## What needs to be done
Retype only the lines running from the beginning of the entries below to the line with "Monki – Langärmlige", both included. Do not include pictures.

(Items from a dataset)

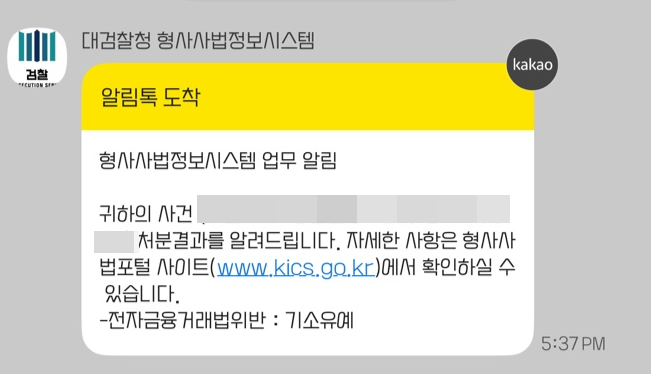3. 최종 결과 - 통장 대여 전자금융거래법 위반 기소유예
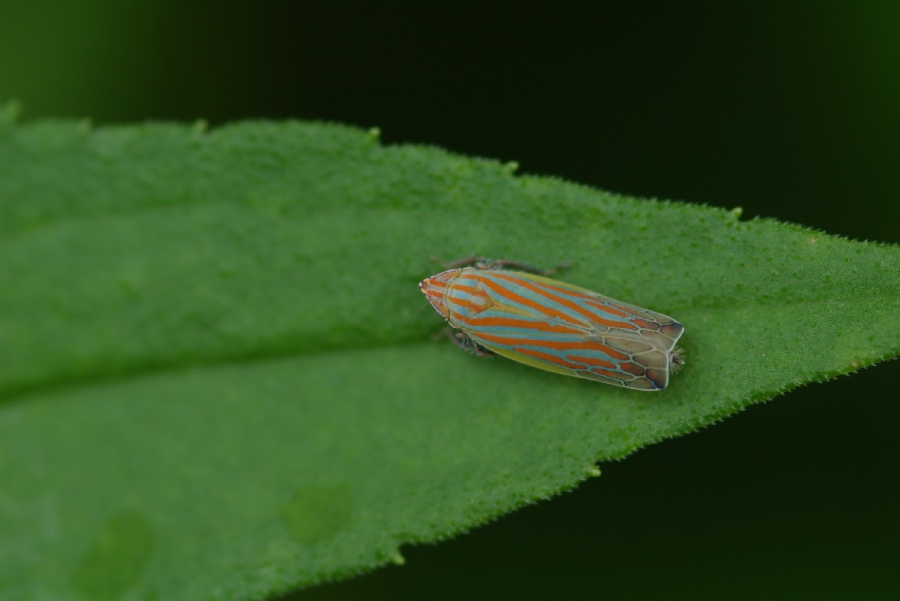 | 長池公園で見られるヨコバイの中で一番美しい種類といってよいでしょう。頭の先から翅の先端までの長さは約7.2mmで、ヨコバイの仲間としては大きめな部類に入ります。マクロレンズで拡大して見ると紅色の筋がはっきりと観察できてとてもきれいですが、1mくらい離れて肉眼で見たときには紅色の筋と薄緑色の地の色が混ざって白っぽい茶色のゴミのようにしか見えません。10月の初旬から11月初旬頃までススキの生えている草原で見ることができました。 |
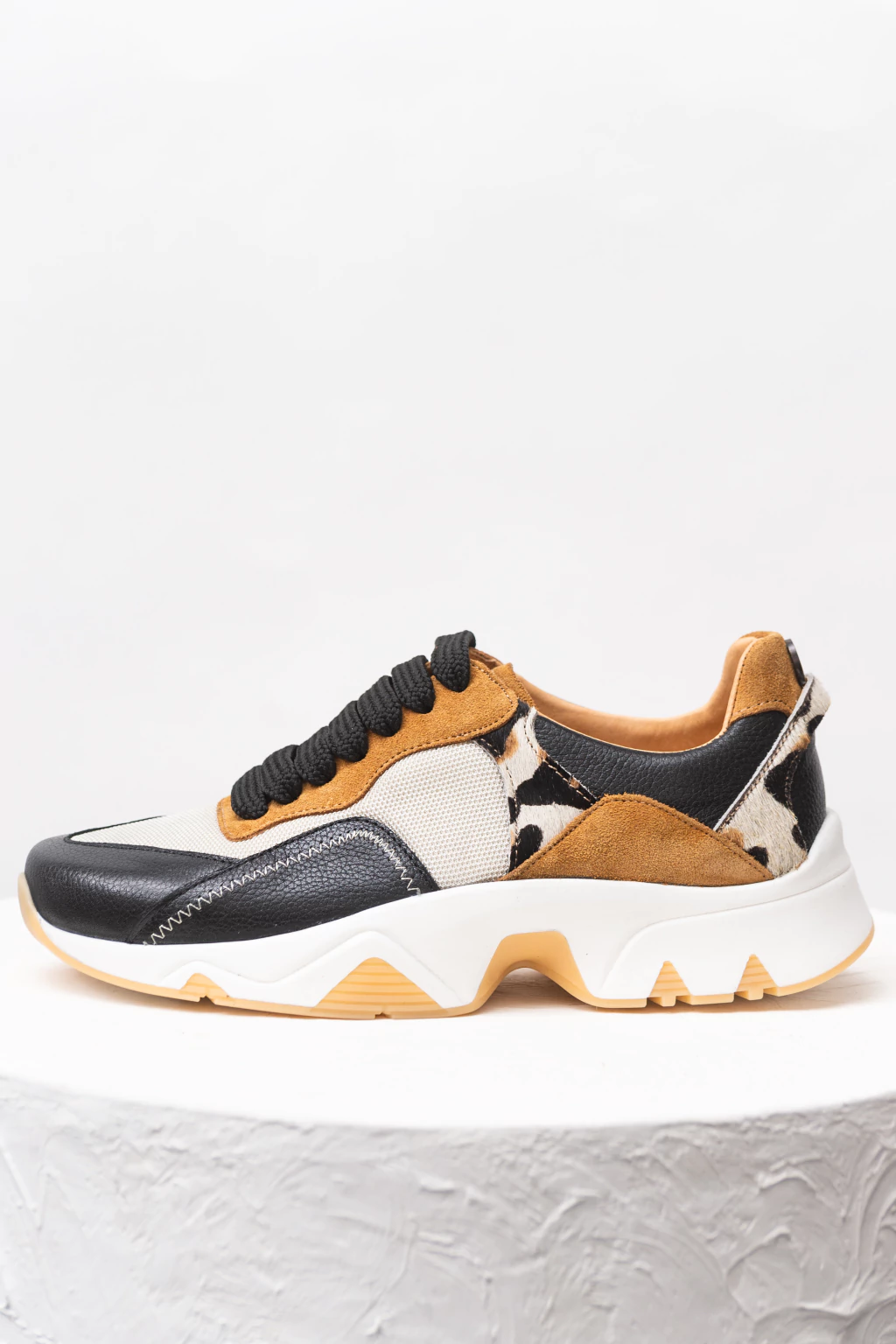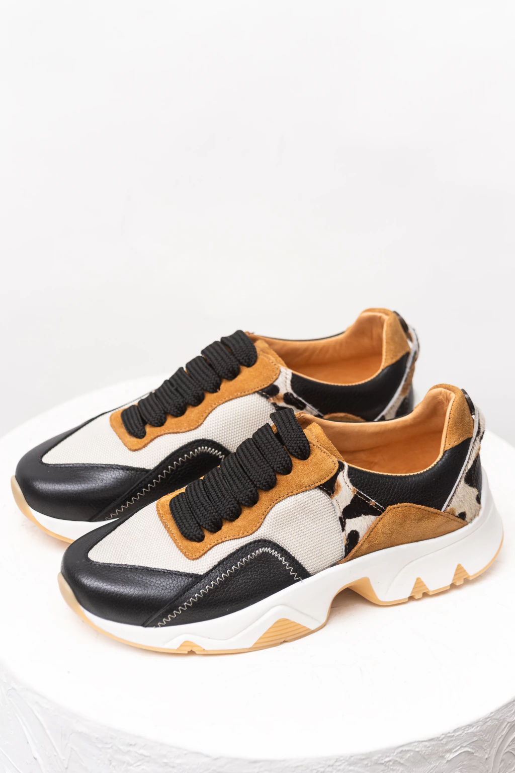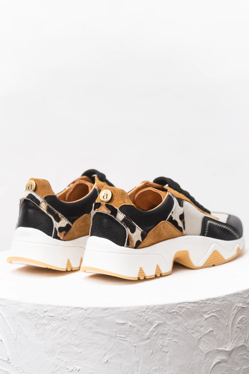- Cuero pelo print, gamuzado golden, cuero liso negro y detalles de tela bondeada con espuma a tono marfil.
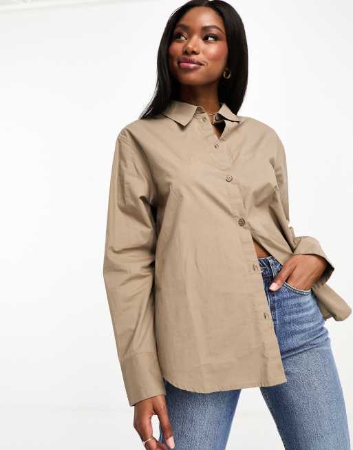 Monki – Langärmlige Bluse aus Baumwolle in Taupe
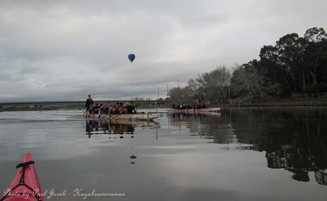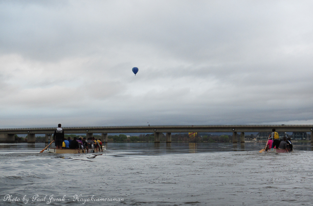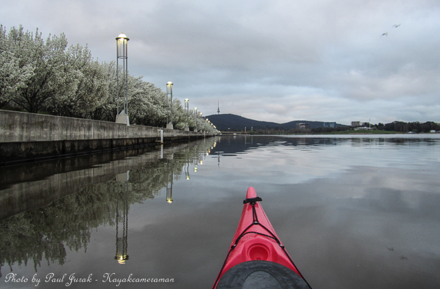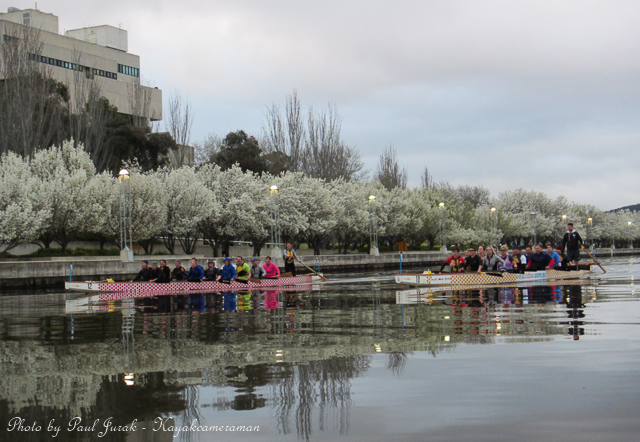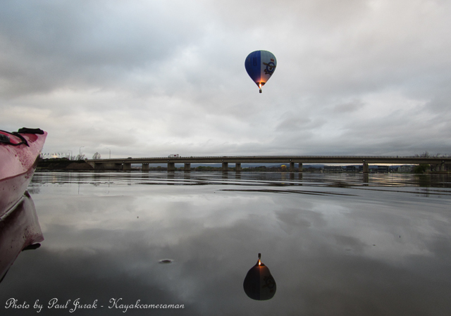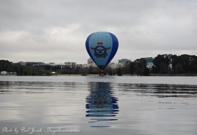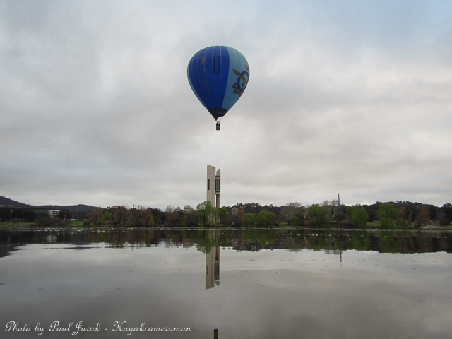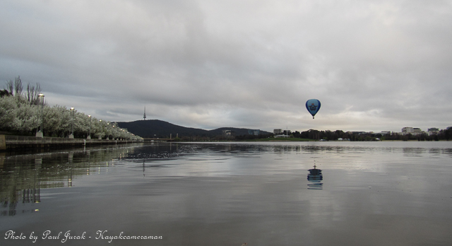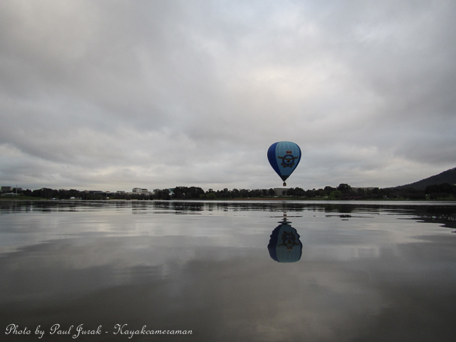 12 Sept 2014: Even on a dull and overcast morning there’s never a dull moment on Lake Burley Griffin. We had balloons hovering high in the sky and even at one stage the RAAF balloon was basket dragging on the water’s surface through the middle of the main basin. Then the ever happy dragon boaters came tearing past me (as usual) adding a huge splash of colour to a grey morning. It was a great way to end the working week

## Completed exercise
3. 최종 결과 - 통장 대여 전자금융거래법 위반 기소유예
 | 長池公園で見られるヨコバイの中で一番美しい種類といってよいでしょう。頭の先から翅の先端までの長さは約7.2mmで、ヨコバイの仲間としては大きめな部類に入ります。マクロレンズで拡大して見ると紅色の筋がはっきりと観察できてとてもきれいですが、1mくらい離れて肉眼で見たときには紅色の筋と薄緑色の地の色が混ざって白っぽい茶色のゴミのようにしか見えません。10月の初旬から11月初旬頃までススキの生えている草原で見ることができました。 |
- Cuero pelo print, gamuzado golden, cuero liso negro y detalles de tela bondeada con espuma a tono marfil.
 Monki – Langärmlige Bluse aus Baumwolle in Taupe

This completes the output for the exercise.